2) Is Dany Heatley coming? What if the Oilers threw in Nilsson? Would that help?
3) How about now? Any Heatley news?
We have been inundated with commentary, twitters and even a couple emails from people wanting to know something- anything about possible Heatley news. No matter how small the news may be. Well, there is none at the present time.
We even went so far as to email Robin Brownlee:
Wanye: “Is there anything on Heatley? Everyone is getting pretty antsy.”
Brownlee: “Beat it kid.”
So there you have it. In the absence of real news here is some video content to keep us all happy until something happens.

CONTENT

It’s easy to think that at this stage of the game in the Dany Heatley negotiations, Oilers fans are the only people who are looking to smash anything Heatley related into smithereens. Sorry, we mean the 45% of Oilers fans who still have their heads screwed on straight (see poll) and don’t want him to bring his circus act to town.
In any event – Sens fans hate him too, often with hilarious results!

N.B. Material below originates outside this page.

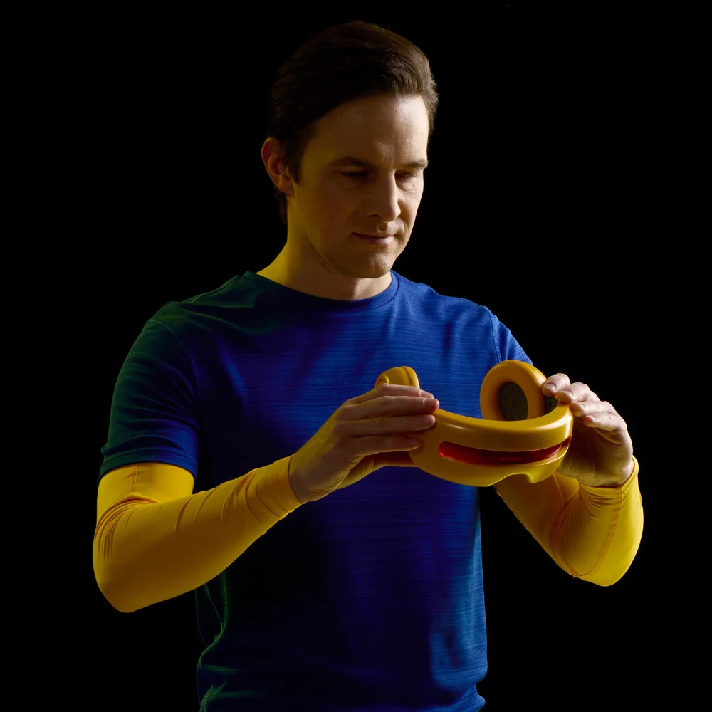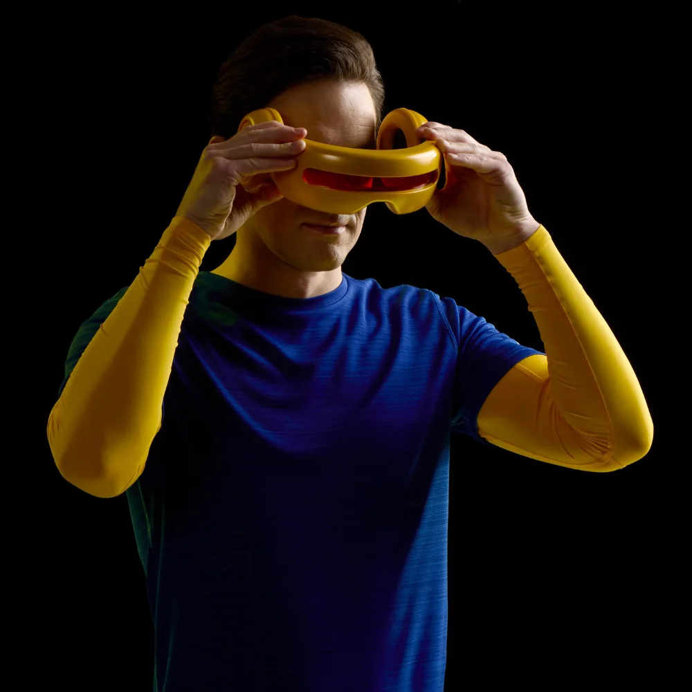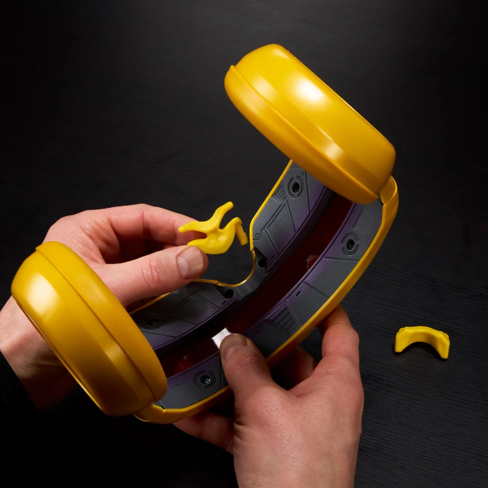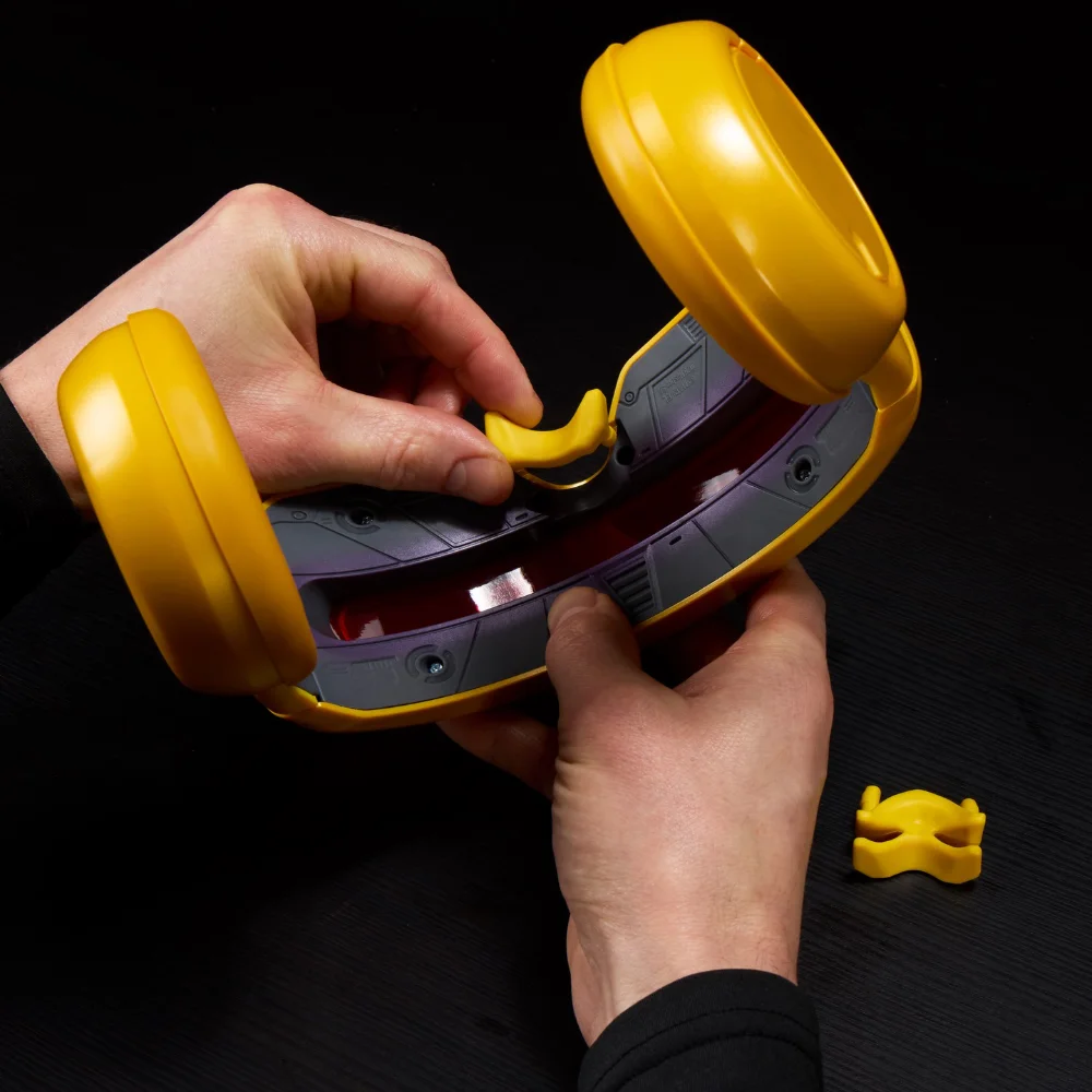 Der Visor setzt auf den bekannten gelb-roten Look und ist nicht nur als Display-Stück gedacht, sondern auch tragbar. Dafür gibt es unter anderem federnde Bügel und austauschbare Nasenteile, damit der Sitz besser angepasst werden kann. Zusätzlich liegt ein Display-Element bei, sodass der Visor auch in der Sammlung vernünftig präsentiert werden kann.

You can’t beat an angry Senator fan possessing the with the ability to do voiceover work. The synchronized breathing is a particularly nice touch.
A delicious Heatley BBQ. This may lack the quality audio of the preceding clip, but 80s band lyric-less rock muzak soothes our tattered nerves. There is also something satisfying about watching a mini-jersey melt on the grill.
Here is a borderline interesting interview with The Man himself. It also offers an interesting look at the house in Kelowna where K-Lowe and Tambo were forced to get down on their knees and beg on our behalf. We are sure the house is now surrounded by Oilers and Sens fans lurking in the shrubbery and looking for furniture to torch – but here is how it looked in better days.
Apparently the guy also wrote a book, classily titled “Dominant Dany Heatley.” We suppose that “How to make blood enemies and influence people” didn’t have the same cachet with the 8-11 year old set. In this ego stroking segment Ian Mendes and some lady fawn and gush over Heatley, awarding him the Peabody Prize, the Pulitzer prize and the Field Prize for Mathematics in the process. Former Oiler Luke Richardson also makes an appearance, fresh from porno rehersals it would seem. Nice moustache and collar combo Luke.
So there you have it you Heatley Jackals. The only fresh content on all of this BS you will find on the interwebs or your money back via certified cheque!*
*Cheques will not be valid
We feel so dirty. And not for the usual reasons.